Covid breakthrough with painless vaccine patch. Scientists have developed a new vaccine patch using 3D printed microneedles.
The prototype patch has been created by scientists from Stanford University and the University of North Carolina at Chapel Hill. Each patch contains 100 needles. The patch comes in at only one square centimetre and is made of polymer. The tiny needles barely penetrate the skin, but are extremely effective at delivering the vaccine.
Human testing of the patches has not yet been undertaken. Researchers discovered that when testing on mice the vaccine patch gave an antibody response around 20 times higher than a traditional jab, after three weeks. After a month the antibody response was shown to be 50 times higher.

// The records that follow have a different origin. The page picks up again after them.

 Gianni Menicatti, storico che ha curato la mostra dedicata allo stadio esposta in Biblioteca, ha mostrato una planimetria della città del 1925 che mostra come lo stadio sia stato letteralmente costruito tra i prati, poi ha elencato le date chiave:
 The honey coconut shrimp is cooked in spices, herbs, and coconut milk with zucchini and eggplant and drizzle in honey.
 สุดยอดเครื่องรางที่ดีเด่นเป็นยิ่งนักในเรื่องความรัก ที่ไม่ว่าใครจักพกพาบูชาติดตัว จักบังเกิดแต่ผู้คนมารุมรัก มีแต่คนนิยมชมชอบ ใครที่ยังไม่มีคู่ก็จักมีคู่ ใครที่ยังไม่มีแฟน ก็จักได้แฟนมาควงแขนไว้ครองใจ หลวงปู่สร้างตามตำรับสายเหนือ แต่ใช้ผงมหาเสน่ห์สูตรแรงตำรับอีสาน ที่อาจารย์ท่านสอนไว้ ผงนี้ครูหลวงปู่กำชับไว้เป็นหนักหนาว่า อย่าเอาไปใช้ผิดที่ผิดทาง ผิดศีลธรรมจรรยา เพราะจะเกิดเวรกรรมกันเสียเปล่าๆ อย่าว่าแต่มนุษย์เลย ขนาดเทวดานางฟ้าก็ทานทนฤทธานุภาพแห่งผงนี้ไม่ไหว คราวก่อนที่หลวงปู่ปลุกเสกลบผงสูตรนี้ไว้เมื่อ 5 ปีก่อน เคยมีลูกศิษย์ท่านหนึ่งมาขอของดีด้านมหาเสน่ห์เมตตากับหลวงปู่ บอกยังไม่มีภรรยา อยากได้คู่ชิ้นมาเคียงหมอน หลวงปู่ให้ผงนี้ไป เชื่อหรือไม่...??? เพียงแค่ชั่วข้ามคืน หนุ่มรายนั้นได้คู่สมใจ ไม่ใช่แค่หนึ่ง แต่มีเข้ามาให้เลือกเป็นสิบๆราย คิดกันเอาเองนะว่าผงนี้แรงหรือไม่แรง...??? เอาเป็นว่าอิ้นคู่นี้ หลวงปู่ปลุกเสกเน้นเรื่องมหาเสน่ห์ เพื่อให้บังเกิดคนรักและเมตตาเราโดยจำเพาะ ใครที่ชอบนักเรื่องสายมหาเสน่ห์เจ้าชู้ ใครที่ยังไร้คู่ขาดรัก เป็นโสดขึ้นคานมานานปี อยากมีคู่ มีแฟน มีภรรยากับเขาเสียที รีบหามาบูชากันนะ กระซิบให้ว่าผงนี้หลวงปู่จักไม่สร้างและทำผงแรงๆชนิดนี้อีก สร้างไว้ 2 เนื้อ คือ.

The scientists said: “Using model vaccine components, we demonstrated that 3D-printed microneedle delivery resulted in enhanced cargo retention in the skin, activation of immune cells, and more potent humoral and cellular immune responses as compared with traditional vaccination routes.”

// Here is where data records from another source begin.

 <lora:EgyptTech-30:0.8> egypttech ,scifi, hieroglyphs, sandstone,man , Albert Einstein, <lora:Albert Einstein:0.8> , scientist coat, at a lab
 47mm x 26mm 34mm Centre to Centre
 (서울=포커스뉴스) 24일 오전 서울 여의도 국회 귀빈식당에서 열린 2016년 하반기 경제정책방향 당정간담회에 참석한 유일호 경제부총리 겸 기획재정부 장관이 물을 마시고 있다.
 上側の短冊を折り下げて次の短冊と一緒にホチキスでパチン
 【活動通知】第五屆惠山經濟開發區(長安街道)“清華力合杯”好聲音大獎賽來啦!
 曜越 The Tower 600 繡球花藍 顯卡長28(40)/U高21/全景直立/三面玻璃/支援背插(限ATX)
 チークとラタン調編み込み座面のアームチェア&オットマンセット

The technology used for the patch is not new, but previously it had been difficult to manufacture on a large scale. The scientists have overcome these problems using advanced 3D printing. The new technique uses continuous liquid interface production.
Shaomin Tian is a microbiologist involved in the project. She explained: “Our approach allows us to directly 3D-print the microneedles, which gives us lots of design latitude for making the best microneedles from a performance and cost point-of-view.”
The scientists believe that the new prototype could be the answer to reducing vaccine hesitancy in people who have a fear of needles.
Chemical engineer Joseph DeSimone said: “In developing this technology, we hope to set the foundation for even more rapid global development of vaccines, at lower doses, in a pain and anxiety-free manner.”